This is what I had in mind when I decided to do a month of noir. An absolutely fantastic film, as well as a noir in the sense most of us think of when the idea comes to mind. I’ve been really glad to have my understanding of noir expanded over the month, but it was still  nice to get back to a film like this one. It’s a taut crime mystery, nearly every shot is a contrast between light and shadow, there are seedy characters throughout, we get a down the middle femme fatale, at the center of the mystery is a poor sap who gets pulled in over his head and loses everything, and the action is driven by an investigator who is sorting through the myriad clues to try and piece together what really happened as he follows the money.

The opening moments of the film, up until probably around the 20 minute mark, are based on a short story by Ernest Hemingway (one of his Nick Adams stories). The introduction alone is worth the price of admission. It’s amazing, electric, tense, and perfectly shot, as two hitmen blow into town on a contract, a man who turns out not to give much resistance to his coming demise. Then, the rest of the film is original, and no longer based on the short story, as an insurance investigator gets hooked by the case and keeps working the knot until the threads begin to loosen and the mystery unravels.

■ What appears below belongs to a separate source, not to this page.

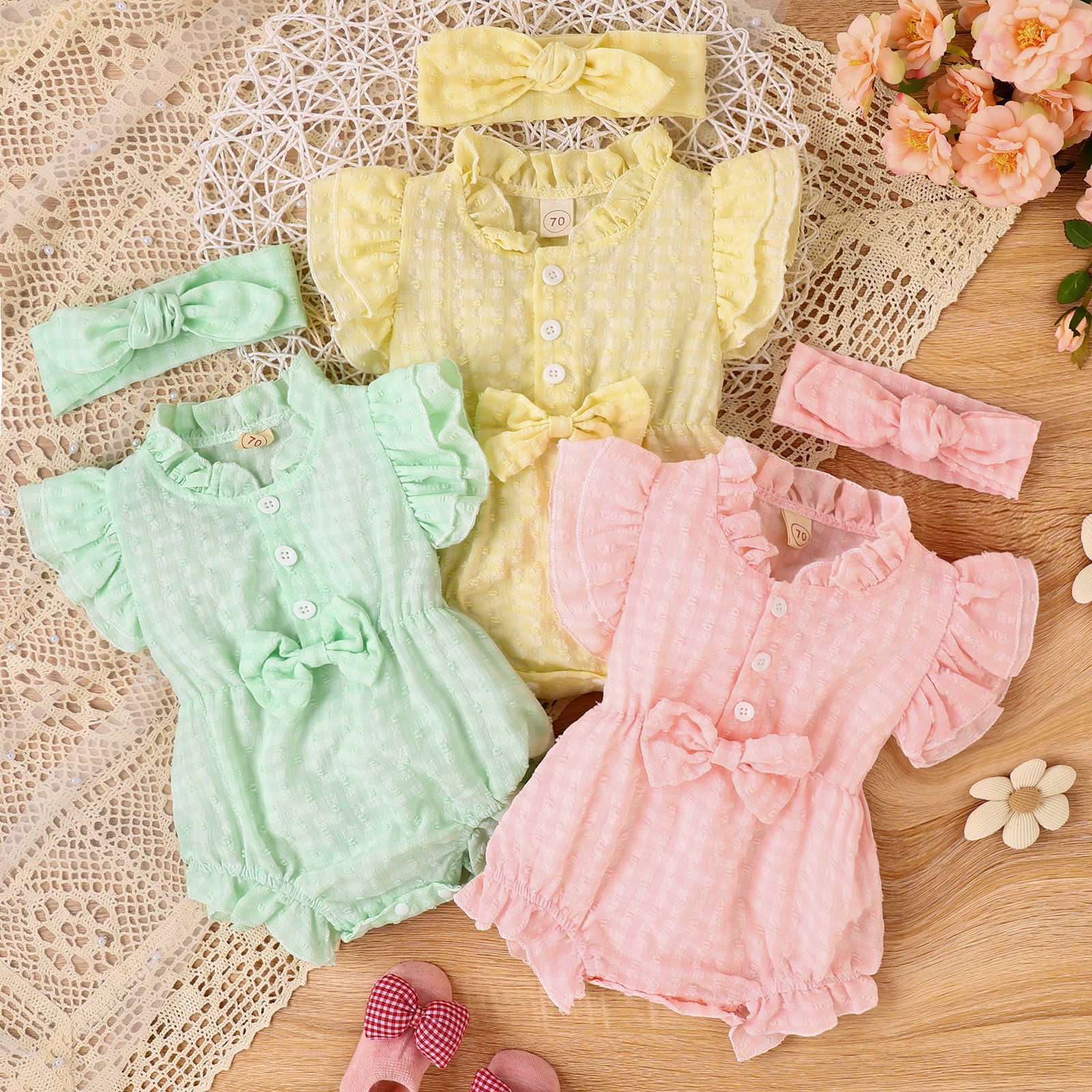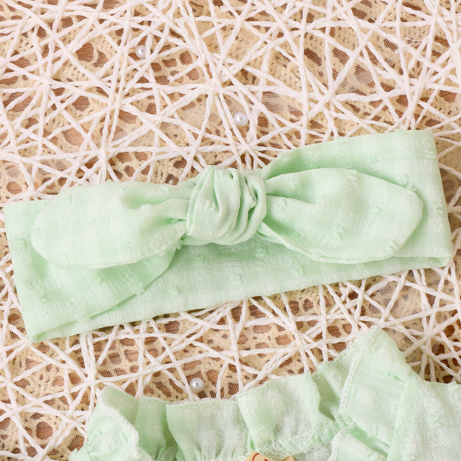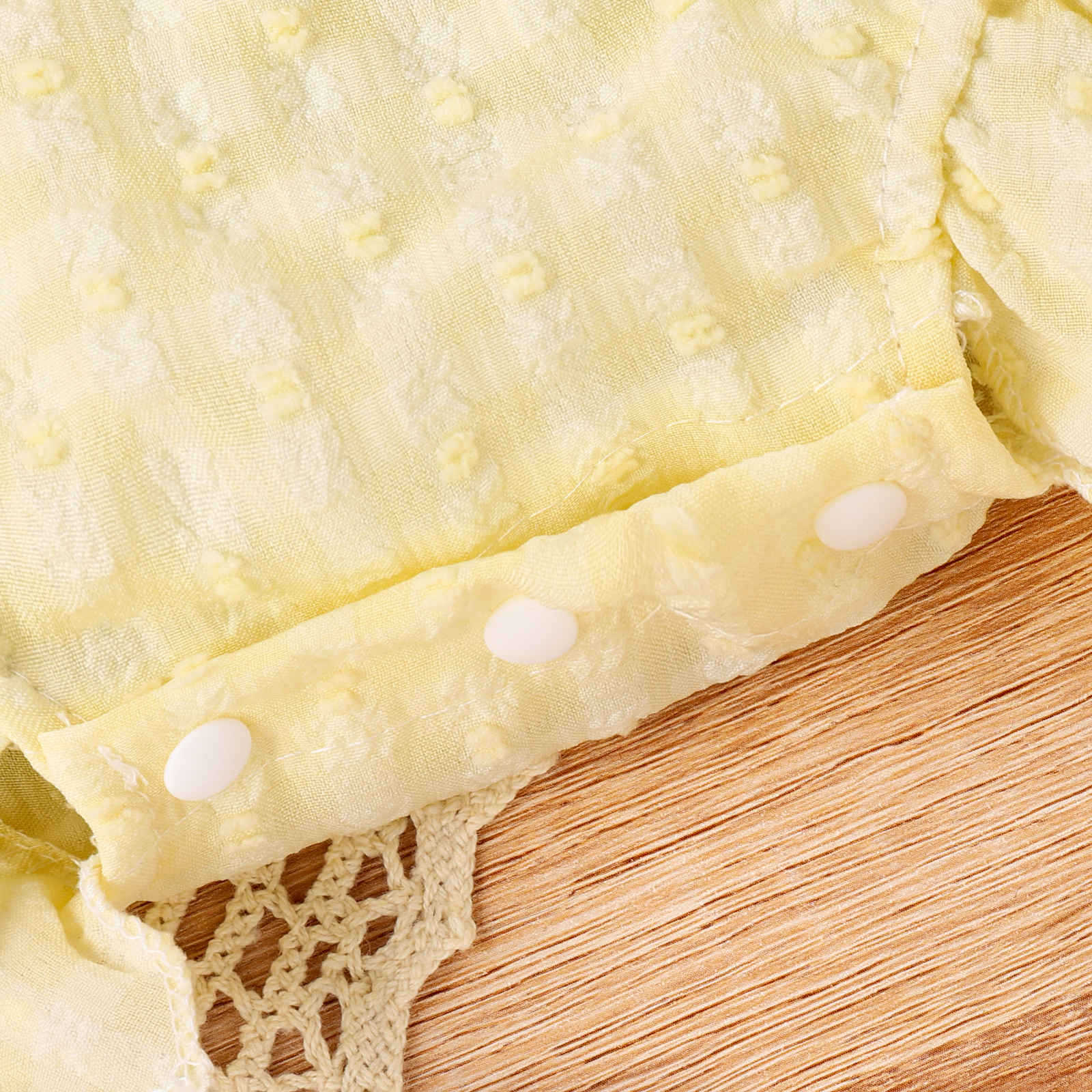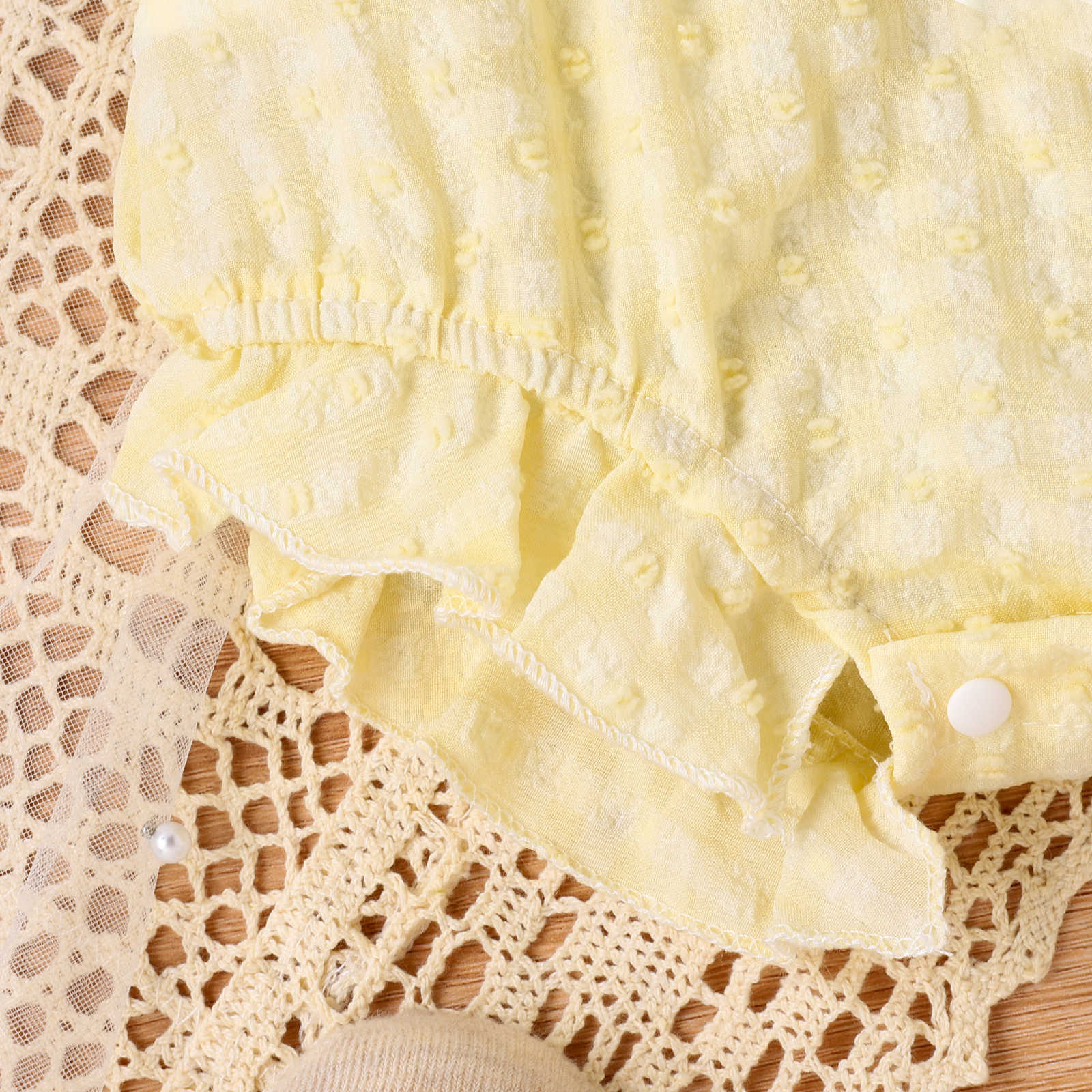 Ropa Infantil Baopai Estilo Japonés y Coreano Primavera y Verano Lindo Manga de Encaje Jacquard Cuadros Patrón Oscuro Lazo Envolvente Triangular Ropa Abierta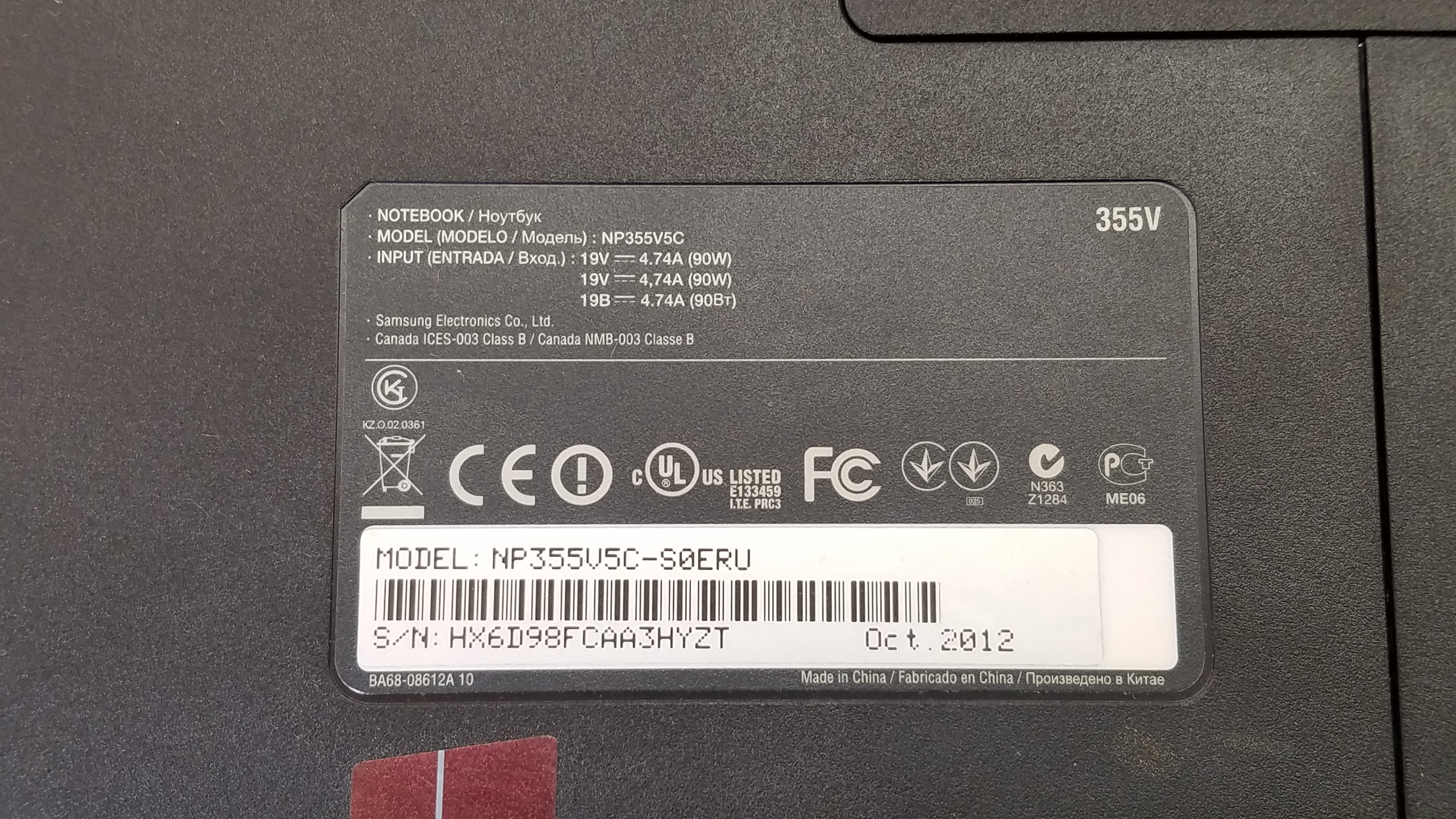 NP355V5C/15.6" 1366×768/A10-4600M/4GB DDR3/noHDD/AMD HD7660G + HD7670M 1GB/WiFi+BT/DVD/BP 48Wh/БП 19V-4.74A

So good. Everyone in it is pitch-perfect. Especially Edmond O’Brien as the insurance investigator; Burt Lancaster as our ill-fated center of the action: The Swede; and Ava Gardner, who lights up the screen in her few short appearances as the film’s femme fatale. Seriously, though, everyone was really great.

I loved the writing, the acting, the cinematography, the direction, the pacing. This is a perfect noir film, instantly launched into my top three favorites so far this month.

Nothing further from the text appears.